## What you are asked to do
Using the records below, copy exactly the part that opens with the line holding "Catalogue des tableaux" and closes with the line holding "首先只看这张图的话,很容易让", minus the pictures.

[Stored data]
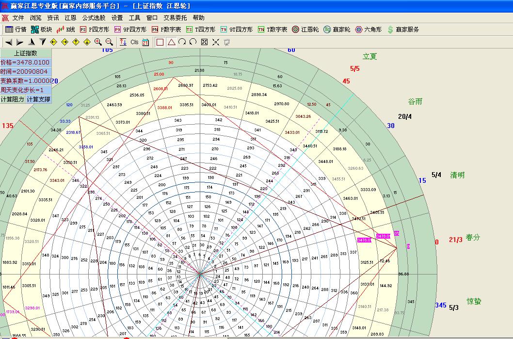 然后我們用江恩價格百分比在大盤2009-08-04日3478.01點作圖計算支撐位置。用心的朋友不難發(fā)現(xiàn)其重要的秘密,那就是他們都有45度【12.5%】90度【25%】120度【33.33】180度【50%】那么他們的點位是如何計算出來的呢?這些點位都跟3478.01點都有這重要行的關(guān)系;45度位置如何計算出來的呢?
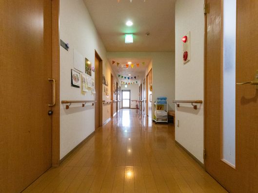 手すりが設置された明るい廊下です。壁に飾られた絵やガーランドが、温かな雰囲気を醸し出しています。
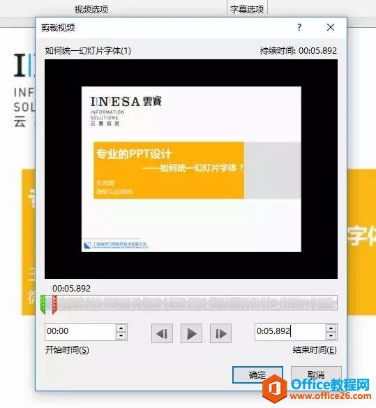 插入一个视频后,在【视频工具】—【播放】下,选择【剪裁视频】,就可以对视频进行剪裁编辑了。
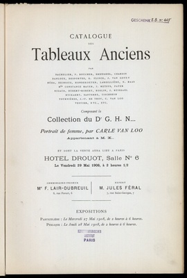Catalogue des tableaux anciens : par Bachelier, F. Boucher, Breughel, Chardin [und weiteren] : composant la Collection du Dr. G. H. N... : portrait de femme par Carle van Loo : appartenant à M. X... : et dont la vente aura lieu à Paris, Hôtel Drouot, Salle No 6, le vendredi 29 mai 1908 / commissaire-priseur F. Lair Dubreuil ; expert Jules Féral
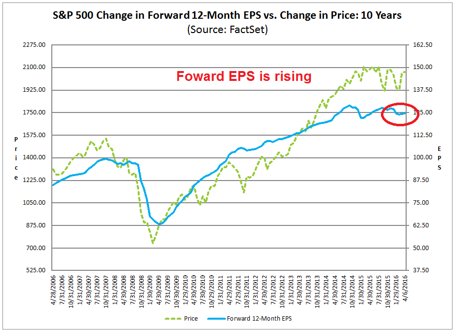 In addition, the same Factset report I cited above shows that optimism is returning to the Street. Forward 12-month EPS estimates are rising again, which is positive.
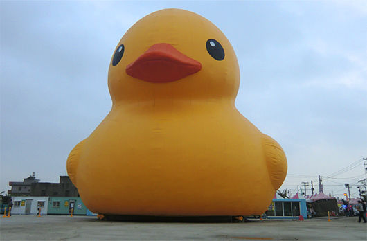 2013桃園縣地景廣場藝術節10月26日至11月10日在桃園縣新屋鄉展出,雖然桃園縣府表示,將會努力進行修復,希望讓小鴨“有機會”重現陂塘里,但是工作人員私下也表示,小鴨損壞狀況嚴重,至少要有5到7天修復。
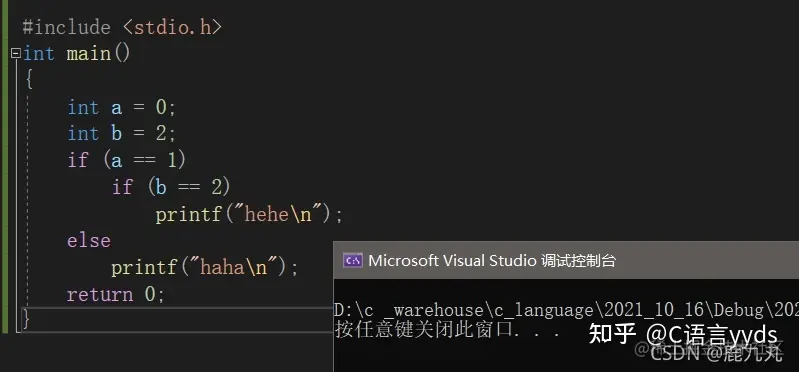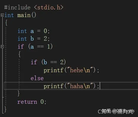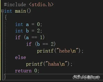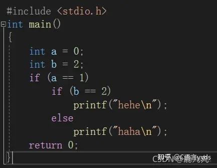 首先只看这张图的话,很容易让人误解后面的这个else会跟if(a==1)进行匹配,但是我们应该记住else符合就近原则,即总跟最近的未配对的if进行匹配,从这个else向前找前面的if语句,首先找到的一个未配对的if语句是if(b==2),相信大家清楚了这个这个就不难理解了,下面给大家展示一下代码的本来面目!
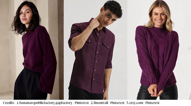 Feeling a bit regal? Plum is the way to go! This rich, deep colour adds a luxurious touch to your outfits. Imagine a plush plum velvet dress for a night out or a cozy sweater for a casual day. Wear it on its own or layer it with warm neutrals for a cozy, sophisticated look that’s fit for a queen! Plum also looks amazing with metallics, so don’t hesitate to shine!
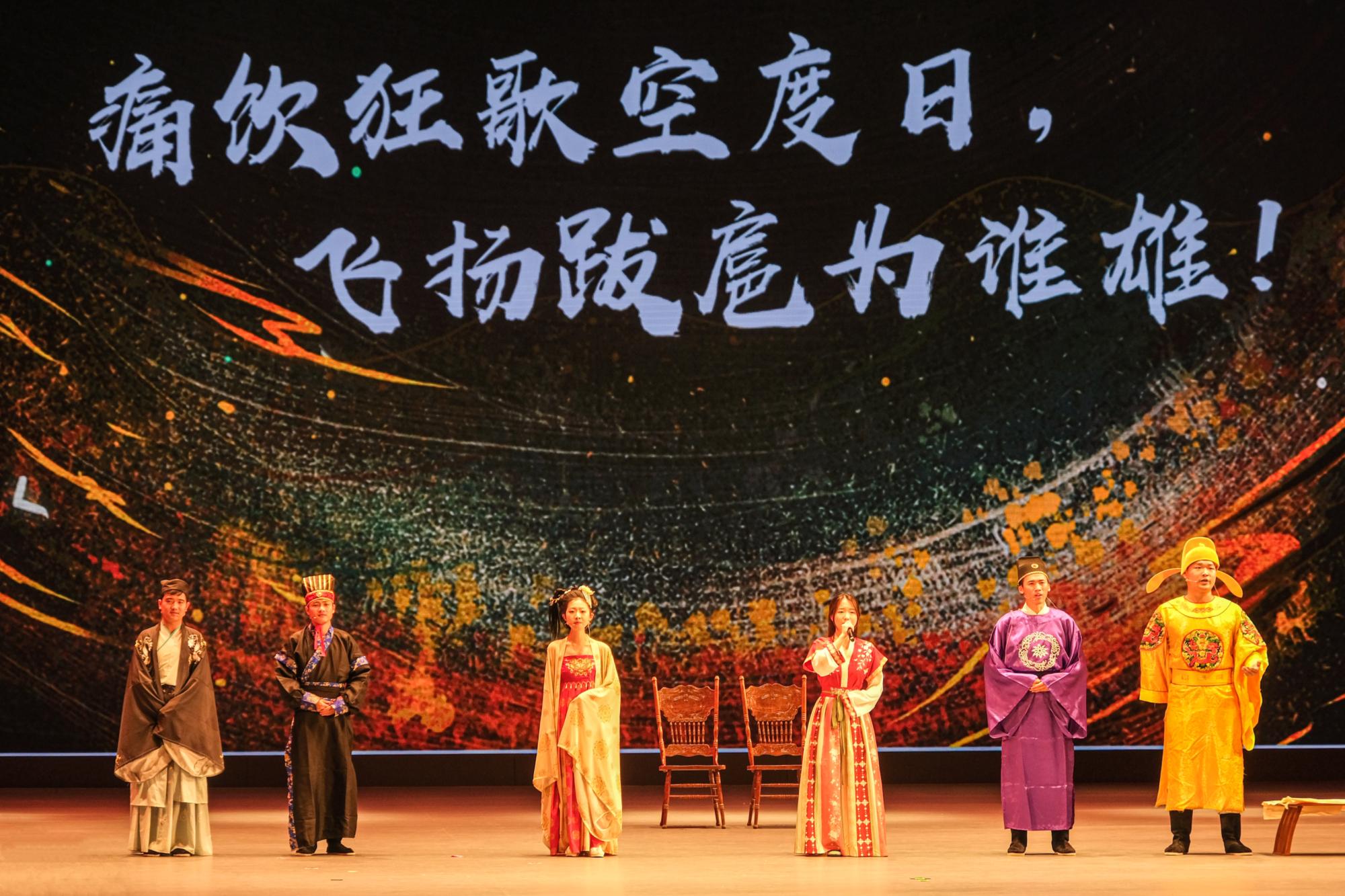 第十六届五月诗会,围绕学习宣传贯彻党的二十大精神、弘扬中华优秀传统文化、铸牢中华民族共同体意识、深化全民阅读创建“书香矿大”等主题设计了征文比赛、配音比赛、飞花令比赛和朗诵比赛等四个子活动。演出现场还设置了“楚韵汉风古彭城”互动答题和飞花令决赛两个环节,现场观众参与踊跃,充分展现了矿大师生良好的诗词修养与文化素质。

## The completed task
Catalogue des tableaux anciens : par Bachelier, F. Boucher, Breughel, Chardin [und weiteren] : composant la Collection du Dr. G. H. N... : portrait de femme par Carle van Loo : appartenant à M. X... : et dont la vente aura lieu à Paris, Hôtel Drouot, Salle No 6, le vendredi 29 mai 1908 / commissaire-priseur F. Lair Dubreuil ; expert Jules Féral
 In addition, the same Factset report I cited above shows that optimism is returning to the Street. Forward 12-month EPS estimates are rising again, which is positive.
 2013桃園縣地景廣場藝術節10月26日至11月10日在桃園縣新屋鄉展出,雖然桃園縣府表示,將會努力進行修復,希望讓小鴨“有機會”重現陂塘里,但是工作人員私下也表示,小鴨損壞狀況嚴重,至少要有5到7天修復。
 首先只看这张图的话,很容易让人误解后面的这个else会跟if(a==1)进行匹配,但是我们应该记住else符合就近原则,即总跟最近的未配对的if进行匹配,从这个else向前找前面的if语句,首先找到的一个未配对的if语句是if(b==2),相信大家清楚了这个这个就不难理解了,下面给大家展示一下代码的本来面目!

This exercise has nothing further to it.